▸ DATA EXTRACT:
——

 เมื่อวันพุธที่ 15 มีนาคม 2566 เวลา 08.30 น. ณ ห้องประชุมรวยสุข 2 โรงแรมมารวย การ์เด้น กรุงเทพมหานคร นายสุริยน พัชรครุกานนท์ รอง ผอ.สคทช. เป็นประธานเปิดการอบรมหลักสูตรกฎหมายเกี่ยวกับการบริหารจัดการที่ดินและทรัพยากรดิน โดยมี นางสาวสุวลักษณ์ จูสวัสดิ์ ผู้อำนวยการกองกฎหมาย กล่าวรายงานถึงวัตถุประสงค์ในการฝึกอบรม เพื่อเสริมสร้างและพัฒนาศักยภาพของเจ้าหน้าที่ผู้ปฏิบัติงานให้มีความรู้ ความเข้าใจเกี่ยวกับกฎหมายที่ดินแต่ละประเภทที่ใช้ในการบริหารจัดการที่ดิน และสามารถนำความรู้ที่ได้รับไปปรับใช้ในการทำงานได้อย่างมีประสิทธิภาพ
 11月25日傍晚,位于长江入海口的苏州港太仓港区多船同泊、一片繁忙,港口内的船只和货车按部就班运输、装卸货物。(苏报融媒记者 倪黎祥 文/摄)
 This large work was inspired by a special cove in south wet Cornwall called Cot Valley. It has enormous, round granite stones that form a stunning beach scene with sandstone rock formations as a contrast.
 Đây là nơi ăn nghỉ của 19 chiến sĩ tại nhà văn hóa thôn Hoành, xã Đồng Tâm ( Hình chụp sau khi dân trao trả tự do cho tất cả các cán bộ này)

——

▸ WORK ORDER: Print out the listing in full, exactly as it appears.

▸ WRITTEN RESPONSE:
 เมื่อวันพุธที่ 15 มีนาคม 2566 เวลา 08.30 น. ณ ห้องประชุมรวยสุข 2 โรงแรมมารวย การ์เด้น กรุงเทพมหานคร นายสุริยน พัชรครุกานนท์ รอง ผอ.สคทช. เป็นประธานเปิดการอบรมหลักสูตรกฎหมายเกี่ยวกับการบริหารจัดการที่ดินและทรัพยากรดิน โดยมี นางสาวสุวลักษณ์ จูสวัสดิ์ ผู้อำนวยการกองกฎหมาย กล่าวรายงานถึงวัตถุประสงค์ในการฝึกอบรม เพื่อเสริมสร้างและพัฒนาศักยภาพของเจ้าหน้าที่ผู้ปฏิบัติงานให้มีความรู้ ความเข้าใจเกี่ยวกับกฎหมายที่ดินแต่ละประเภทที่ใช้ในการบริหารจัดการที่ดิน และสามารถนำความรู้ที่ได้รับไปปรับใช้ในการทำงานได้อย่างมีประสิทธิภาพ
 11月25日傍晚,位于长江入海口的苏州港太仓港区多船同泊、一片繁忙,港口内的船只和货车按部就班运输、装卸货物。(苏报融媒记者 倪黎祥 文/摄)
 This large work was inspired by a special cove in south wet Cornwall called Cot Valley. It has enormous, round granite stones that form a stunning beach scene with sandstone rock formations as a contrast.
 Đây là nơi ăn nghỉ của 19 chiến sĩ tại nhà văn hóa thôn Hoành, xã Đồng Tâm ( Hình chụp sau khi dân trao trả tự do cho tất cả các cán bộ này)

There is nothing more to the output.